PRESSEMITTEILUNG

Nr. 31 / Donnerstag, 10. September 2015

Natur
Alles andere als öde – seltene Heuschreckenart auf offenen Kiesflächen am LfU in Haunstetten entdeckt

Neue Heimat für Blauflügelige Ödlandschrecke auf LfU-Außenanlagen

Blauflügelige Ödlandschrecke auf LfU-Außenanlagen
Blauflügelige Ödlandschrecke auf LfU-Außenanlagen (Quelle: LfU)
+++ Erstmals im Jahr 2014 und erneut in diesem Jahr haben Fachleute des Landesamtes für Umwelt (LfU) in den Außenanlagen in Haunstetten die Blauflügelige Ödlandschrecke entdeckt. Die auf der Roten Liste stehende Heuschrecke war bislang in Augsburg nur im Bereich um den Hauptbahnhof nachgewiesen worden. Die Distanz zum LfU in Haunstetten erscheint für diese Tierart beträchtlich. "Wir freuen uns über den neuen Nachbarn. Seine Ansiedelung ist ein weiterer Beweis, dass es gelingen kann, Lebensräume für seltene Arten auch in der Stadt zu schaffen", betont LfU-Präsident Claus Kumutat. Die Außenanlagen am LfU sowie die angrenzenden Ausgleichsflächen für das Studentenwohnheim bilden die ehemals offenen Schotterflächen des Lechs nach und bieten Tieren und Pflanzen der Lechhaiden eine neue Heimat. Neben der Blauflügeligen Ödlandschrecke wurden bereits seltene Käfer- und Wanzenarten wie der Prächtige Schnellläufer (Laufkäfer) und seltene Schmetterlinge wie Silbergrüner und Himmelblauer Bläuling sowie die Schwarzblaue Sklavenameise von Mitgliedern des Naturwissenschaftlichen Vereins für Schwaben e.V. entdeckt. +++

Wandert man über das ehemalige Flugfeld am Bayerischen Landesamt für Umwelt kann man die blaugeflügelten Heuschrecken auffliegen sehen. Ein kurzes Schwirren und mit einer plötzlichen Hakenlandung sind sie wieder verschwunden. Gut getarnt mit ihren ansonsten graubraun marmorierten Körpern sind sie zwischen den lückigen Gesteinsflächen nahezu unsichtbar. Nur ein schwaches Zirpen – kurze, leise Töne – sind zu hören. Die sommerliche Wärme über dem offenen Kies begünstigt die seltene Art. Die Tiere halten sich fast ausschließlich auf dem nackten Boden, dem "Ödland" auf.

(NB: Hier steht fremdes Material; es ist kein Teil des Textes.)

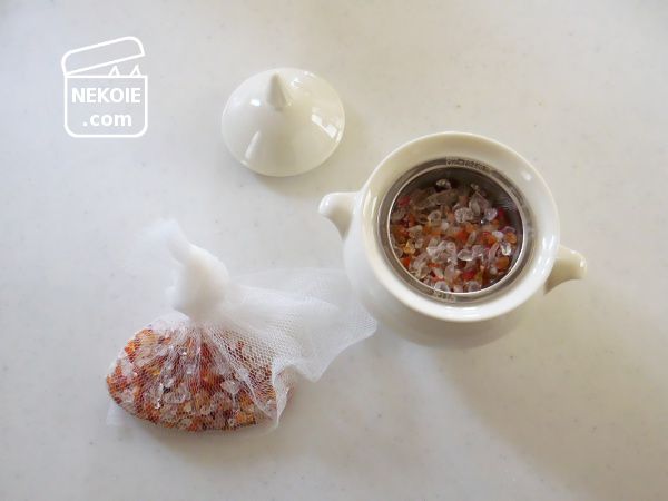 この茶こしを空にした香炉にはめこみ、別途洗っておいたさざれ石はこの中へ。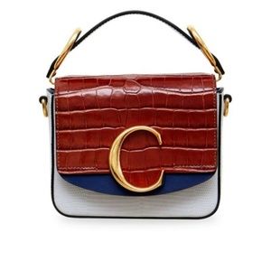 Crocodile and python embossed leather bag. Comes with a detachable strap.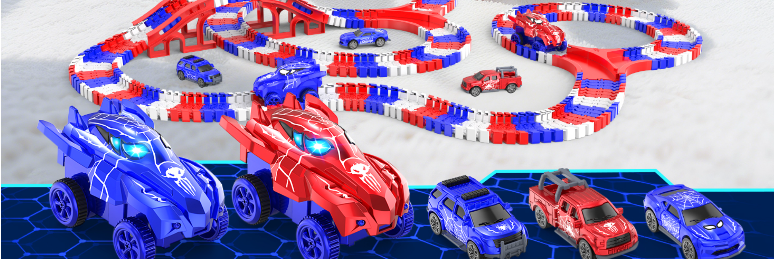Play Features: Flexible track shapes, dynamic obstacles, interactive car movement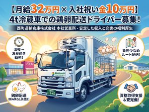 【月給32万円×入社祝い金10万円】4t冷蔵車での鶏卵配送ドライバー募集!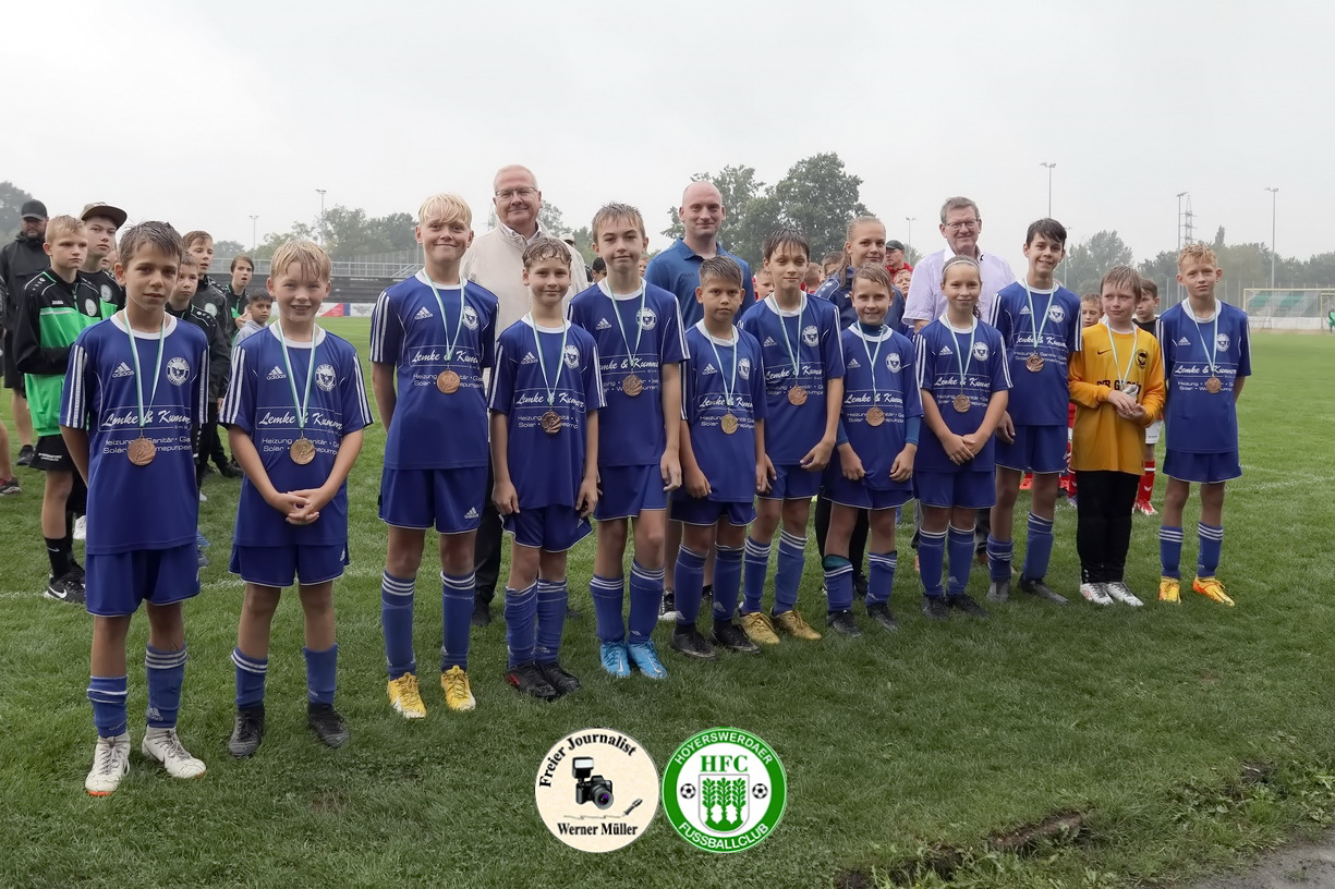 Aufgrund von kurzfristigen Erkrankungen und den widrigen Wetterbedingungen wurde dieses mal eine etwas kleinere aber nicht minderwertige Runde ausgespielt. So traten unsere Sportsfreunde der SG Weixdorf, DJK Blau-Weiß Wittichenau und SG Blau-Weiß Klein Gaglow sowie der heimischen HFC D-Jugend um Spielmodus jeder gegen jeden an. Es wurde gepasst, geschossen, gekämpft und gezaubert und die Trainer sowie Zuschauer konnten ein fußballerisches hochwertiges Turnier beobachten. Am Ende setzten sich die Kids aus Weißdorn verdient und durchgenässt als Turniersieger durch und holten sich den Pokal, aber jeder Spieler verdiente sich eine Medaille und bekam somit eine durch unseren Oberbürgermeister verliehen.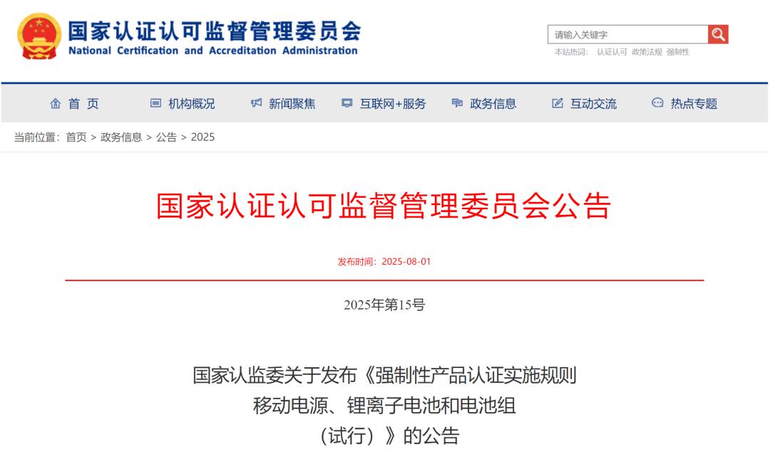 8月15日,由国家认监委制定的《强制性产品认证实施规则 移动电源、锂离子电池和电池组(试行)》正式施行,对充电宝、锂离子电池和电池组实施新的强制性产品认证实施规则,也就是我们常说的CCC认证实施规则。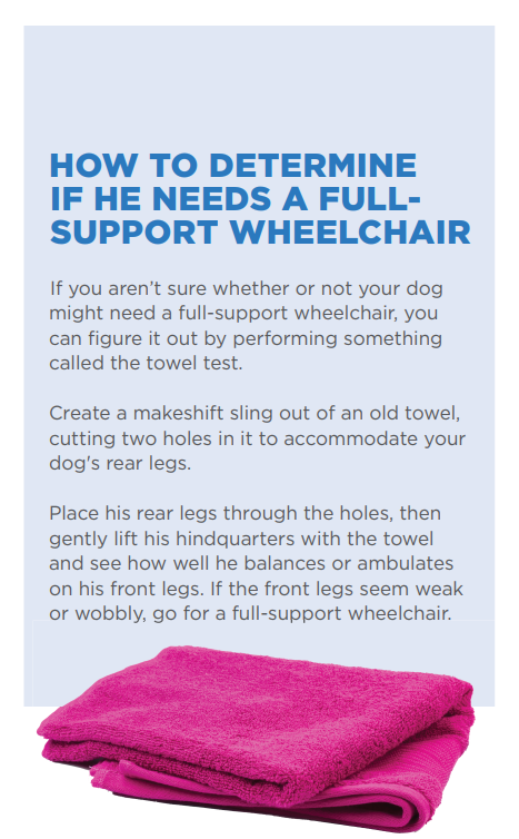 - A full-support wheelchair bears a strong resemblance to a rear-support wheelchair except that it includes an additional, smaller pair of wheels near the dog’s front legs, as well as a sling to support the his midsection.

Die Freianlagen am LfU sind weitgehend öffentlich zugänglich. Ein im Internet beschriebener Rundgang mit Übersichtsplan hilft, das Gelände zu entdecken und typische Orte und Gestaltungselemente zu erkunden. Fotos der einzelnen Stationen machen die Außenanlagen auch virtuell erlebbar.
Nähere Informationen.

Weitere Informationen zur Blauflügeligen Ödlandschrecke:
Die Männchen haben eine Körperlänge von 15-20mm. Das größere, bis zu 28mm lange Weibchen legt die Eier tief in den Boden, wo sie überwintern. Die Larven schlüpfen im Frühjahr. In vier bis fünf aufeinanderfolgenden Larvenstadien passen sie ihre Färbung dem Untergrund an. Die erwachsenen Schrecken findet man von Juli bis Oktober. Sie sind Pflanzenfresser und nagen vor allem an Gräsern.